Frequently Asked Questions
How does Kroger actually make money if grocery margins are so thin?
The bulk of revenue comes from selling food, fresh products, general merchandise, fuel and pharmacy items at very low margins. The profit growth story, however, leans on higher-margin 'alternative profit' streams layered on top: private-label brands, the Kroger Precision Marketing retail-media advertising business, pharmacy/specialty pharmacy, and monetizing loyalty data. These help expand operating profit faster than core grocery sales alone.
What happened with the Kroger-Albertsons merger?
Kroger agreed to acquire Albertsons in a large, multi-year proposed combination that drew significant antitrust scrutiny and was ultimately blocked by the courts in early 2025, after which the deal was terminated. The transaction was a major topic in Kroger's risk factors, 8-K filings and legal disclosures, and investors should read filings for the financial and strategic consequences of the deal not closing.
Why does Kroger report sales both 'including' and 'excluding' fuel?

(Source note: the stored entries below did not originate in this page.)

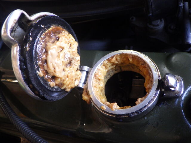 こういったフィラーキャップの白濁はエンジン内の水分とオイルが混ざり合う事で出来ます。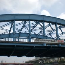 浅草からの水上バスでまず吾妻橋を潜り次に駒形橋を潜ります。吾妻橋は赤、駒形橋は青で橋の中央部分がアーチ型になっており両端の部分は逆アーチ型になっている珍しい橋のようです。水上バスからはいろんな色の橋が見られます。因みに厩橋(うまやばし)は緑でした。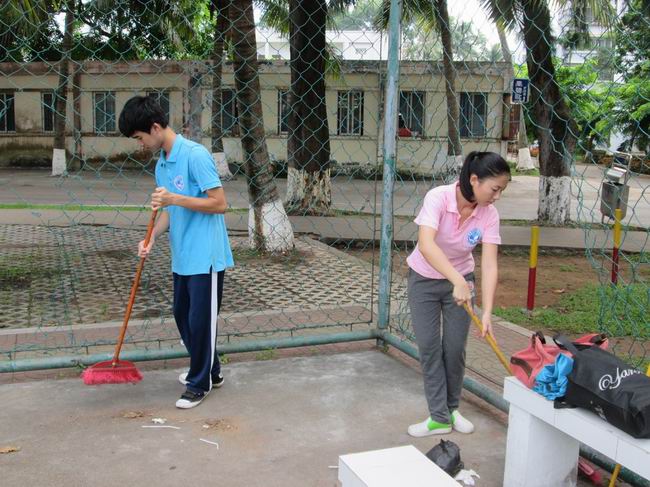 志愿者清扫校园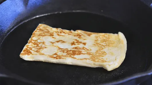Step3Heat separate 10-inch skillet over medium heat. Unroll dough onto cutting board; cut into 4 equal rectangles. Place 1 rectangle in heated skillet; cook on each side 1 minute or until golden brown. Repeat with remaining dough rectangles.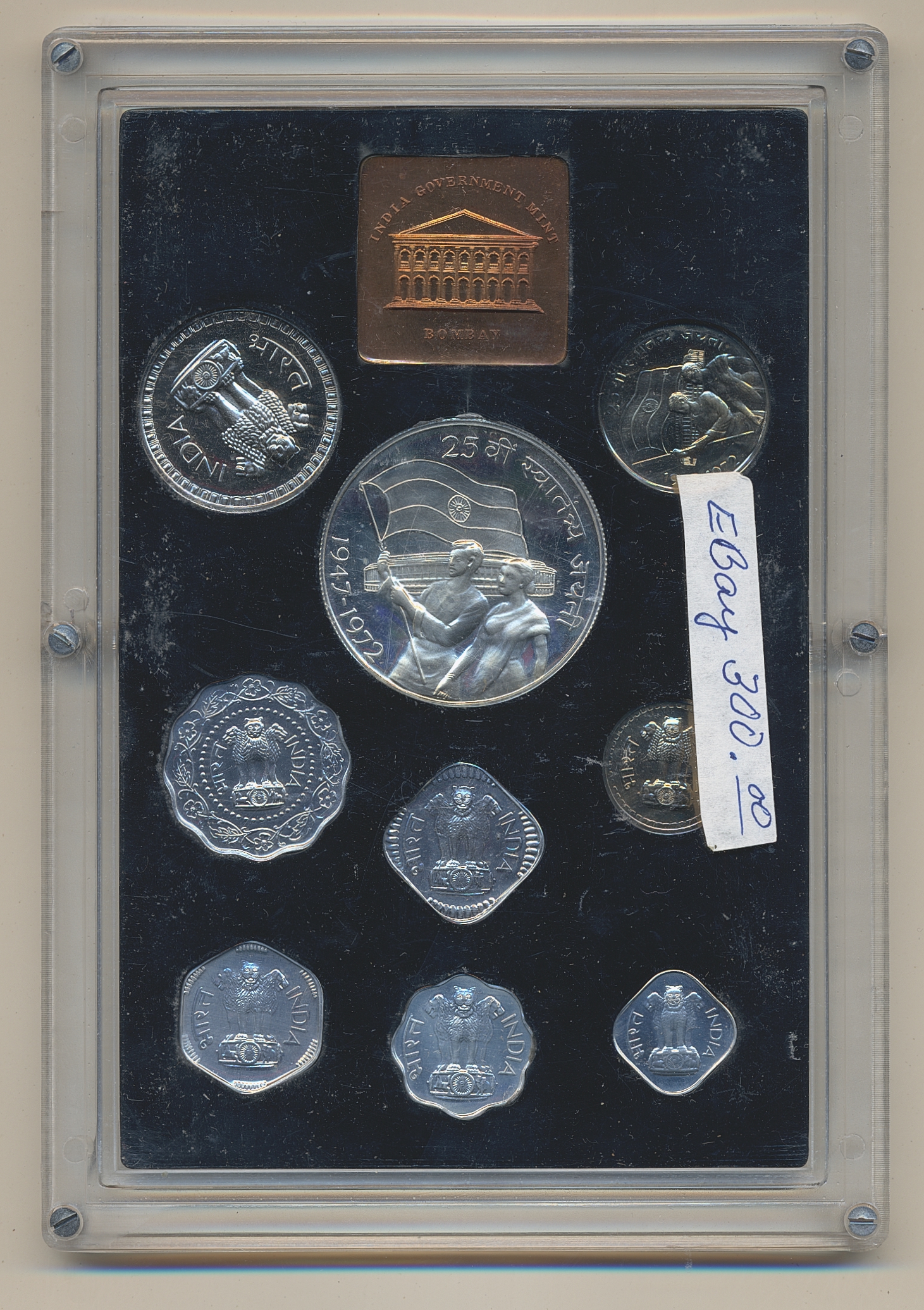 Coins, India. KM PS10, Mint proof set 1972 in original packaging. Scarce. UNC.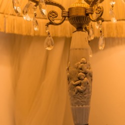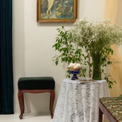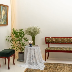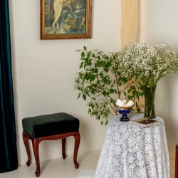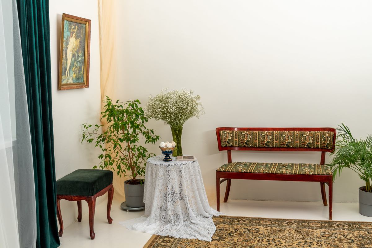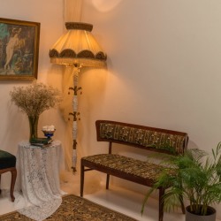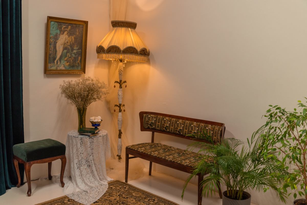 Раритетная мебель: элегантная банкетка, мягкий пуфик, бронзовый торшер и резной стул — каждый предмет с собственной историей.

Supermarket fuel is a large but low-margin and highly volatile revenue line. Including it can distort total sales growth and overall margins. Kroger therefore highlights identical sales excluding fuel as the cleaner gauge of underlying grocery demand, which is the metric most investors track in the MD&A.
What is the single most useful metric to watch in Kroger's quarterly filings?
Identical sales excluding fuel is the headline operating metric, because it shows whether the core grocery business is genuinely growing. Pair it with gross margin (and the LIFO charge) and the OG&A expense rate to judge whether any sales growth is actually translating into profit given Kroger's thin margins.